Paris: It has no spire, stained-glass windows or central section, but a cavernous underground stormwater facility opened Thursday in the French capital ahead of the Paris Olympics, drawing comparisons to Notre Dame Cathedral.
The massive new structure, 30 meters (100 feet) underground next to the train station, is a key part of efforts to clean up the Seine River, which will host swimming events at the Paris Games in July and August.
“This is a real cathedral.

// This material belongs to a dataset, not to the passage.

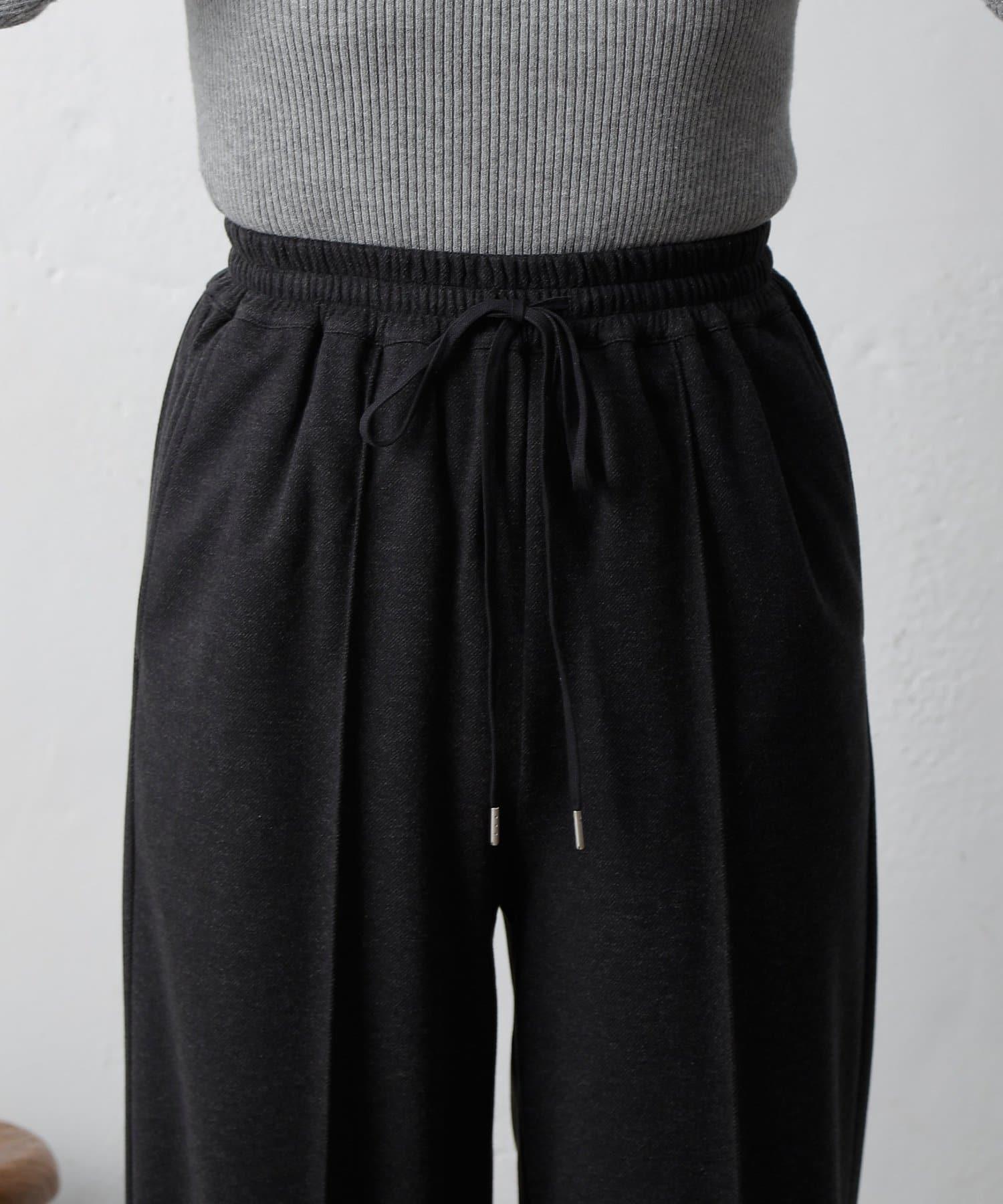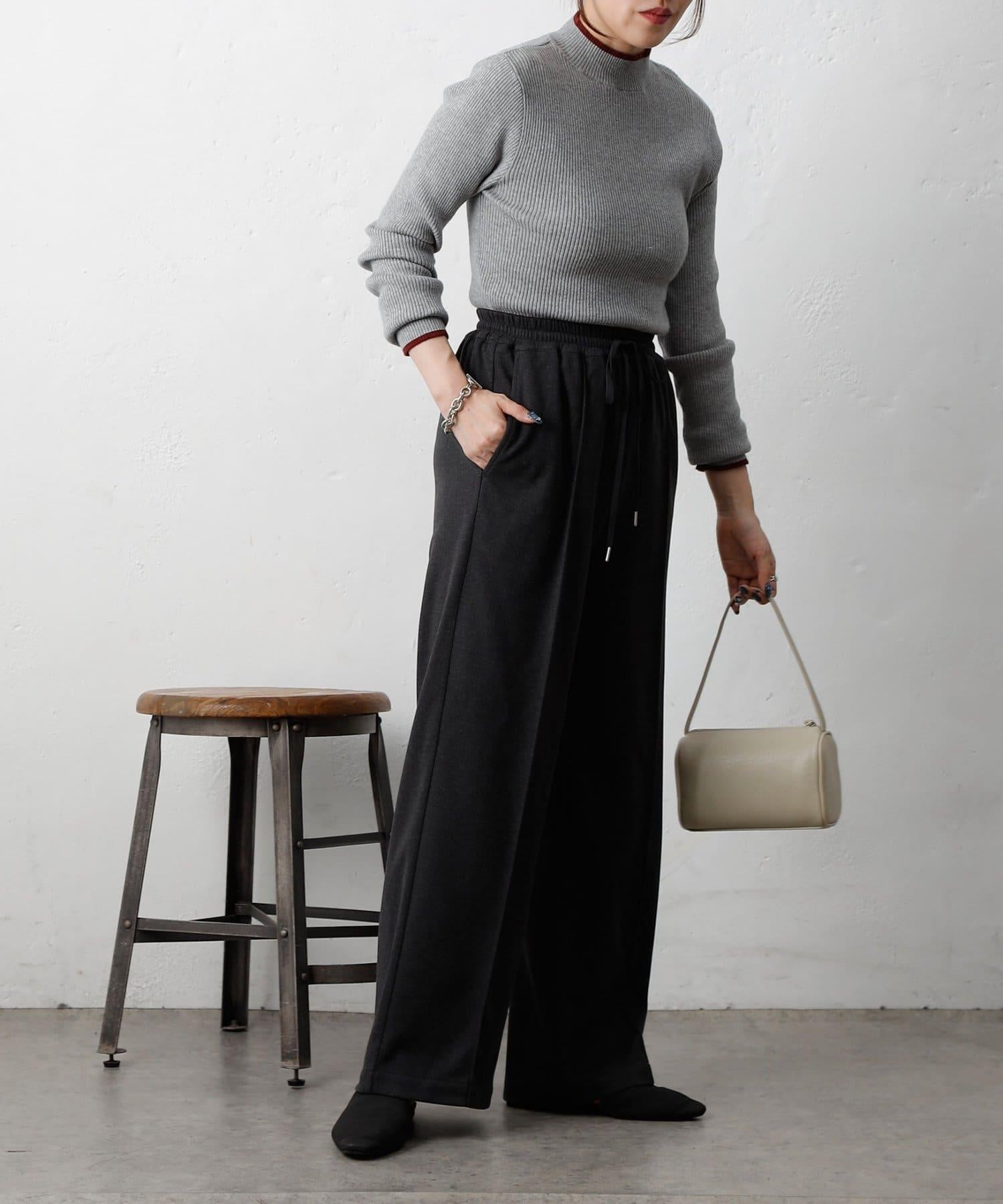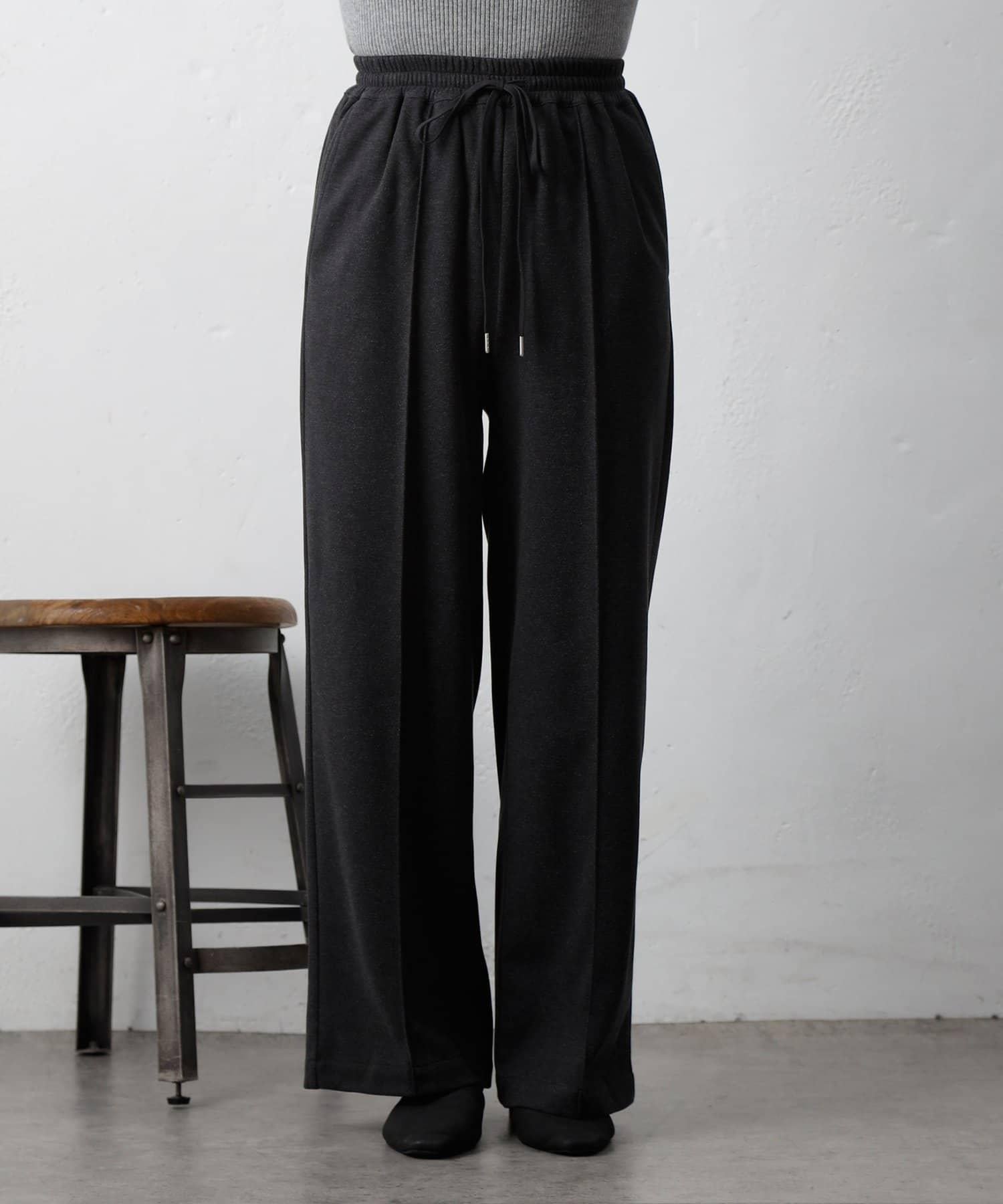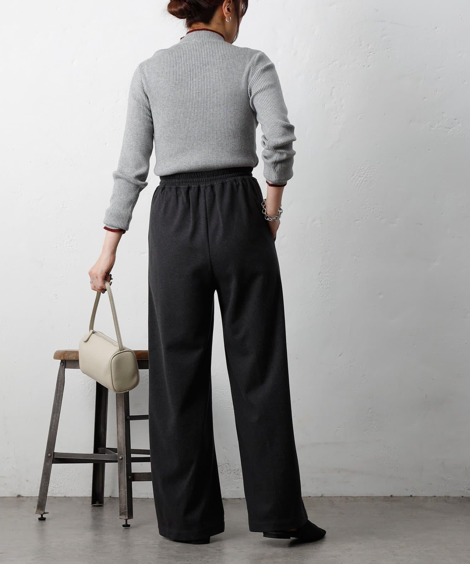 這款簡易褲既有細羊毛的外觀,又有針織面料的柔軟。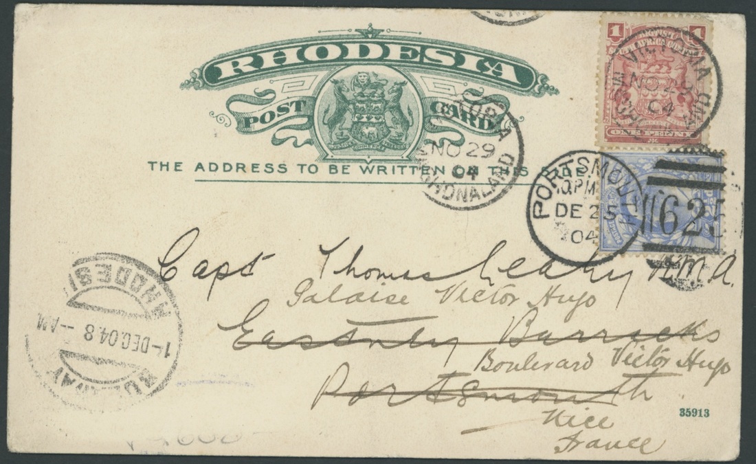 1904 (29 Nov.) picture postcard from Victoria to Portsmouth bearing 1d. red with small single-ring datestamp, upon arrival redirected to France with KEVII 2½d. blue neatly cancelled by "625" datestamp, Bulawayo transit datestamp at lower left corner; attractive and unusual

This is something special,” said Paris Mayor Anne Hidalgo Thursday as she walked around the base of the cylinder-shaped construction, more than three years in the making.
Paris deputy mayor Antoine Guillou compared the Paris project near the Austerlitz transport hub to Notre Dame, which was rebuilt after a devastating fire in 2019.
“I mean we are building two cathedrals,” he told reporters during a visit in mid-March.
“At Notre Dame, it’s upstairs where everyone knows, and then it’s underground.”
Notre Dame will not be ready for the Paris Games immediately after President Emmanuel Macron began tearing down the 850-year-old monument.
Fortunately for Olympic open water swimming, the storm water facility will be operational in June after a trial run later this month.
The goal is to retain stormwater during heavy rains, reducing the need to discharge pathogen-rich contents from the sewer system directly into the Seine.